→ **WHAT THE TASK ASKS**:
Take the entries that follow and return exactly the lines from the one holding "Для выполнения этого" through the one holding "The VR-300W6A and", both included. Nothing else is needed.

→ **INPUT MATERIAL**:
··········

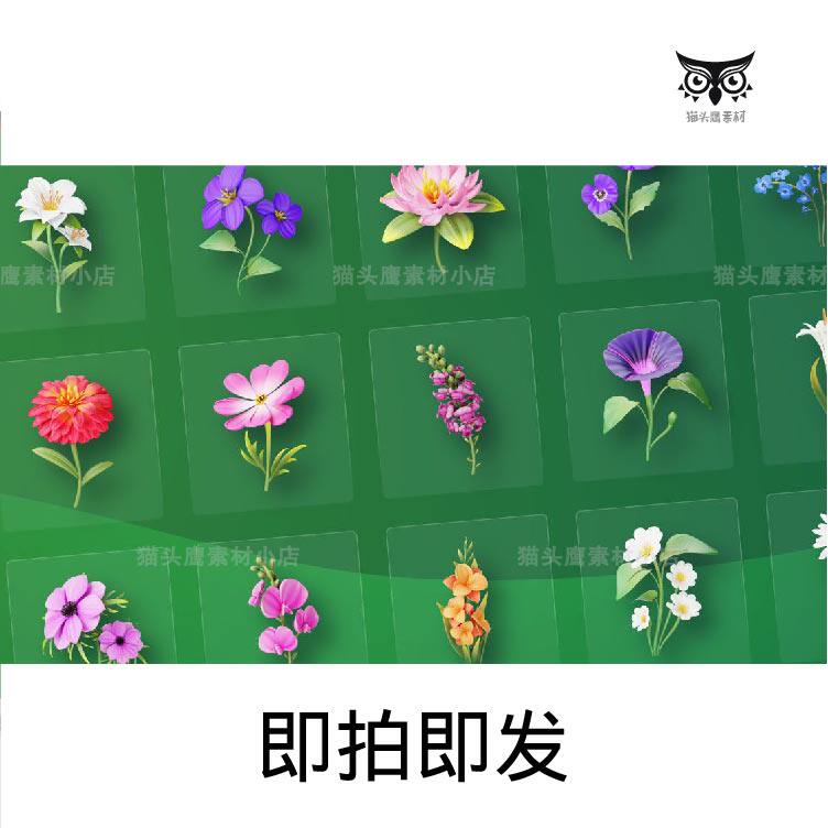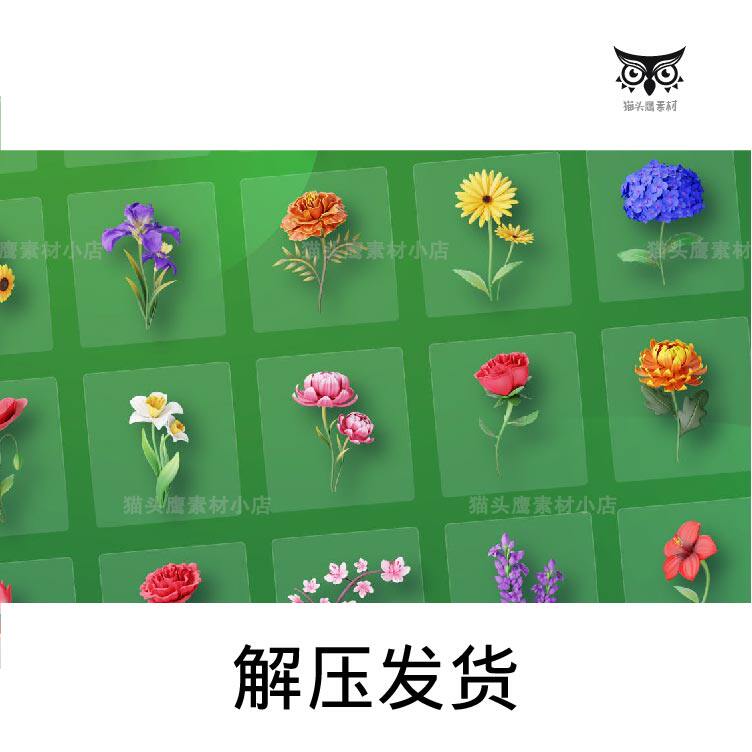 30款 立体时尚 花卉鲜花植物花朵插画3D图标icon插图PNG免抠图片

··········

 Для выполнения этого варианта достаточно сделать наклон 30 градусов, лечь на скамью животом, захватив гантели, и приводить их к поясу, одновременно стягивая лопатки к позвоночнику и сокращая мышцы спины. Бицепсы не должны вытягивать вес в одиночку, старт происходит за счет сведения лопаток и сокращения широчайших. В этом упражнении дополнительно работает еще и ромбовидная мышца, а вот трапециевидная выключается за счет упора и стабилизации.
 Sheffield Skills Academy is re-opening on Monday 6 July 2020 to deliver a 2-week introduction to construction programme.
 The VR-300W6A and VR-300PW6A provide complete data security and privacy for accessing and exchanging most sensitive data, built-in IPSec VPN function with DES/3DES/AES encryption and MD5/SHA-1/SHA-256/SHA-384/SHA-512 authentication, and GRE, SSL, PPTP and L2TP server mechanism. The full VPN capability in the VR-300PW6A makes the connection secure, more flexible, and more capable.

··········

→ **SOLUTION FOR THIS TASK**:
 Для выполнения этого варианта достаточно сделать наклон 30 градусов, лечь на скамью животом, захватив гантели, и приводить их к поясу, одновременно стягивая лопатки к позвоночнику и сокращая мышцы спины. Бицепсы не должны вытягивать вес в одиночку, старт происходит за счет сведения лопаток и сокращения широчайших. В этом упражнении дополнительно работает еще и ромбовидная мышца, а вот трапециевидная выключается за счет упора и стабилизации.
 Sheffield Skills Academy is re-opening on Monday 6 July 2020 to deliver a 2-week introduction to construction programme.
 The VR-300W6A and VR-300PW6A provide complete data security and privacy for accessing and exchanging most sensitive data, built-in IPSec VPN function with DES/3DES/AES encryption and MD5/SHA-1/SHA-256/SHA-384/SHA-512 authentication, and GRE, SSL, PPTP and L2TP server mechanism. The full VPN capability in the VR-300PW6A makes the connection secure, more flexible, and more capable.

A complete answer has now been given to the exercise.